Godoy Eduardo Jorge, Lozano Miguel, García-Fernández Ignacio, Ferrer-Albero Ana, MacLeod Rob, Saiz Javier, Sebastian Rafael
Computational Multiscale Simulation Lab, Department of Computer Science, Universitat de Valencia, Valencia, Spain.
Department of Bioengineering, Scientific Computing and Imaging Institute, University of Utah, Salt Lake City, UT, United States.
Front Physiol. 2018 May 18;9:404. doi: 10.3389/fphys.2018.00404. eCollection 2018.

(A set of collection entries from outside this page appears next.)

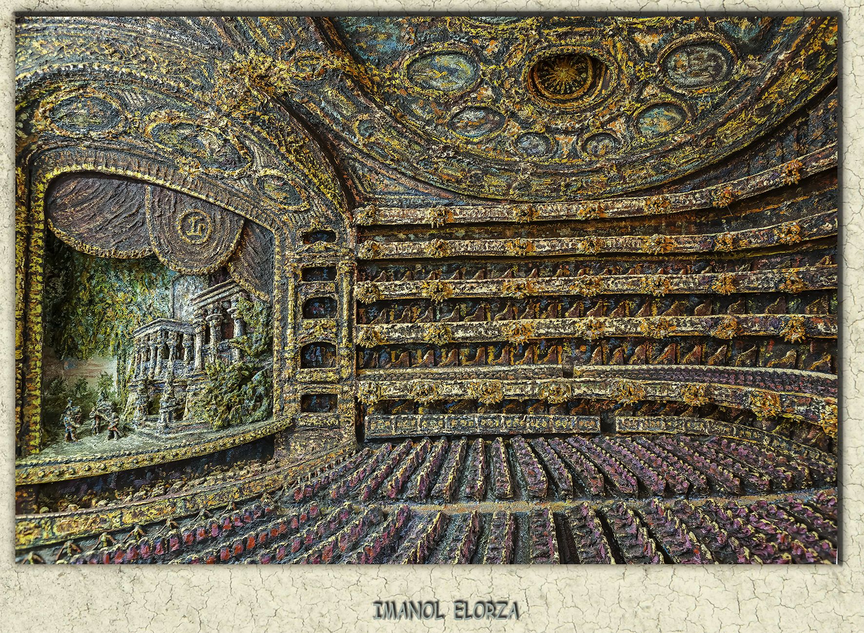 La obra del gran artista. Óleos relieves de gran tamaño ( hasta 2 metros de altura y 1,5 de ancho ). Incluye sonido, luces, agua…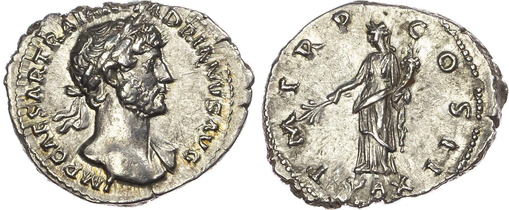 Hadrian (AD 117-138) AR Denarius, Rome, AD 118, 3.20g. IMP CAESAR TRAIAN HADRIANVS AVG, laureate head of Hadrian right. Rev. PM TR P COS II, Pax standing left, holding branch and cornucopiae, PAX in exergue. (RIC 44a; RSC 1015). Good Very Fine.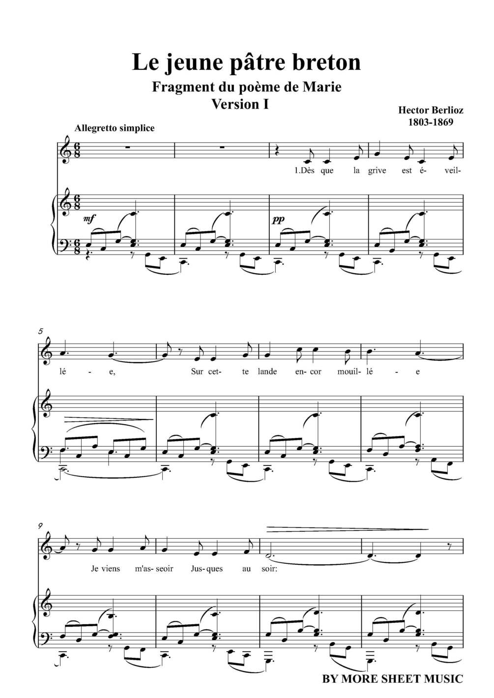 Le jeune pâtre breton by Berlioz, for Voice and Piano, 9 versions (depending on keys), this is one of the 9.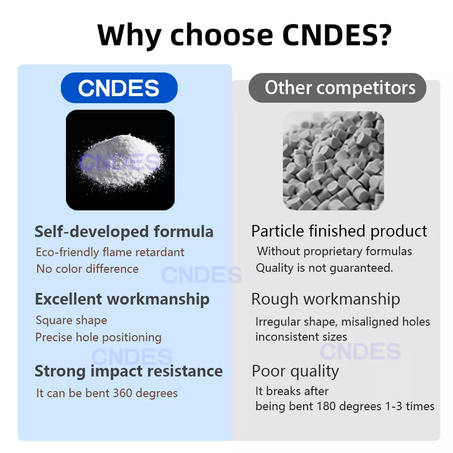 Standart kablo kanalları karmaşık kablo demetlerini barındıramadığında, CNDES Özelleştirilmiş 80×80 Oluklu PVC Santral Kablolama Kanalı iyi bir seçimdir. 80mm*80mm'lik geniş iç alanıyla veri merkezi omurga kablolaması, endüstriyel ekipman güç kümeleri ve büyük kontrol kabinlerindeki merkezi kablolama gibi yüksek talep senaryoları için özel olarak tasarlanmıştır. Çok sayıda kabloyu kolayca barındırır ve düzenler, dağınıklığa ve sıkışıklığa sonsuza kadar veda eder.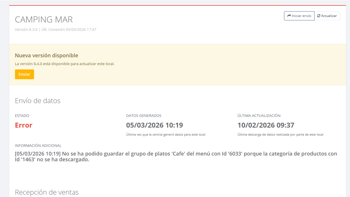 Una vez hecho el agregado del local > Enviamos datos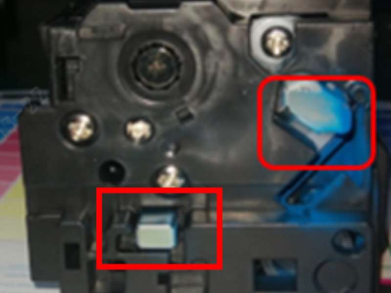 3. Locate the steel contact on the left side of the cartridge to make sure no toner power stained. If there is toner powder stained on the metal steel (pictured) wipe the stain with a tissue.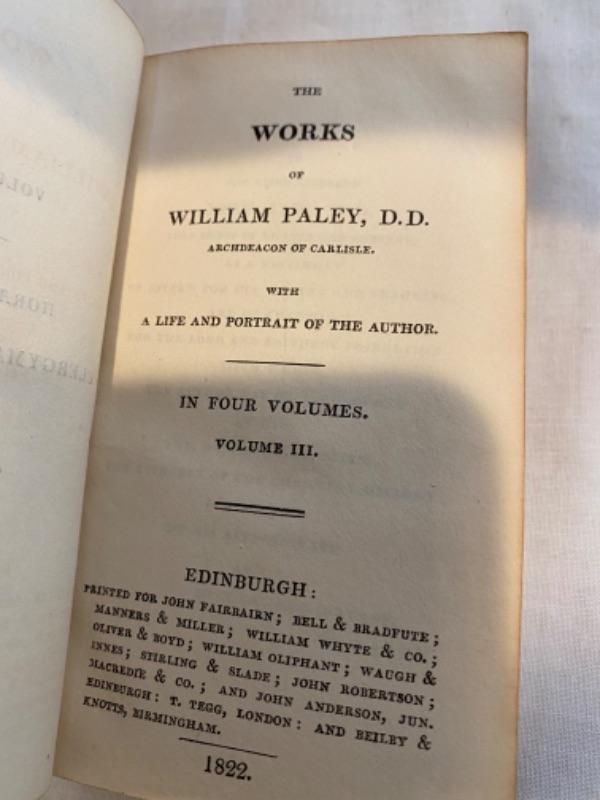 Lot of four volumes of 1822 Paley’s Works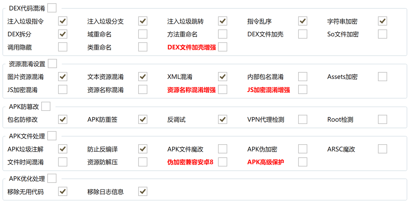 设置说明本页总览设置说明 配置截图 混淆配置详细说明 注入垃圾指令 勾选此项后,可以在DEX中注入一些无用垃圾指令 注入垃圾分支 勾选此项后,可以在DEX中注入一些垃圾分支语句 注入垃圾跳转 勾选此项后,可以在DEX中注入一些垃圾跳转指令 移除无用代码 勾选此项后,可以移除DEX中的一些注释调试等无用信息 指令乱序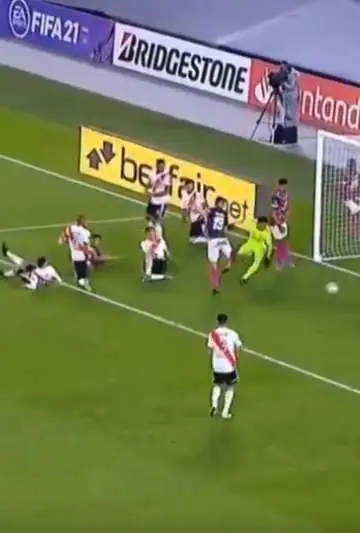 Es que el mediocampista devenido en arquero se encuentra lesionado del isquiotibial tras el Superclásico ante Boca y minuto a minuto su físico empeora en el encuentro.

Focal atrial tachycardia is commonly treated by radio frequency ablation with an acceptable long-term success. Although the location of ectopic foci tends to appear in specific hot-spots, they can be located virtually in any atrial region. Multi-electrode surface ECG systems allow acquiring dense body surface potential maps (BSPM) for non-invasive therapy planning of cardiac arrhythmia. However, the activation of the atria could be affected by fibrosis and therefore biomarkers based on BSPM need to take these effects into account. We aim to analyze the effect of fibrosis on a BSPM derived index, and its potential application to predict the location of ectopic foci in the atria. We have developed a 3D atrial model that includes 5 distributions of patchy fibrosis in the left atrium at 5 different stages. Each stage corresponds to a different amount of fibrosis that ranges from 2 to 40%. The 25 resulting 3D models were used for simulation of Focal Atrial Tachycardia (FAT), triggered from 19 different locations described in clinical studies. BSPM were obtained for all simulations, and the body surface potential integral maps (BSPiM) were calculated to describe atrial activations. A machine learning (ML) pipeline using a supervised learning model and support vector machine was developed to learn the BSPM patterns of each of the 475 activation sequences and relate them to the origin of the FAT source. Activation maps for stages with more than 15% of fibrosis were greatly affected, producing conduction blocks and delays in propagation. BSPiMs did not always cluster into non-overlapped groups since BSPiMs were highly altered by the conduction blocks. From stage 3 (15% fibrosis) the BSPiMs showed differences for ectopic beats placed around the area of the pulmonary veins. Classification results were mostly above 84% for all the configurations studied when a large enough number of electrodes were used to map the torso. However, the presence of fibrosis increases the area of the ectopic focus location and therefore decreases the utility for the electrophysiologist. The results indicate that the proposed ML pipeline is a promising methodology for non-invasive ectopic foci localization from BSPM signal even when fibrosis is present.
局灶性房性心动过速通常采用射频消融治疗,长期成功率尚可。尽管异位灶的位置往往出现在特定的热点区域,但实际上它们可位于心房的任何区域。多电极体表心电图系统能够获取密集的体表电位图(BSPM),用于心律失常的无创治疗规划。然而,心房的激活可能会受到纤维化的影响,因此基于BSPM的生物标志物需要考虑这些影响。我们旨在分析纤维化对BSPM衍生指数的影响及其在预测心房异位灶位置方面的潜在应用。我们开发了一个三维心房模型,该模型包括左心房在5个不同阶段的5种斑片状纤维化分布。每个阶段对应不同程度的纤维化,范围从2%到40%。由此产生的25个三维模型用于模拟局灶性房性心动过速(FAT),其触发点来自临床研究中描述的19个不同位置。对所有模拟均获取了BSPM,并计算了体表电位积分图(BSPiM)以描述心房激活情况。开发了一种使用监督学习模型和支持向量机的机器学习(ML)管道,以学习475个激活序列中每个序列的BSPM模式,并将它们与FAT源的起源相关联。纤维化超过15%的阶段的激活图受到极大影响,产生传导阻滞和传播延迟。BSPiM并不总是聚集成不重叠的组,因为BSPiM会因传导阻滞而发生很大改变。从第3阶段(15%纤维化)开始,BSPiM显示出肺静脉区域周围异位搏动的差异。当使用足够数量的电极来绘制躯干图时,所有研究配置的分类结果大多高于84%。然而,纤维化的存在增加了异位灶定位的区域,因此降低了对电生理学家的效用。结果表明,所提出的ML管道是一种有前途的方法,即使存在纤维化,也可用于从BSPM信号进行无创异位灶定位。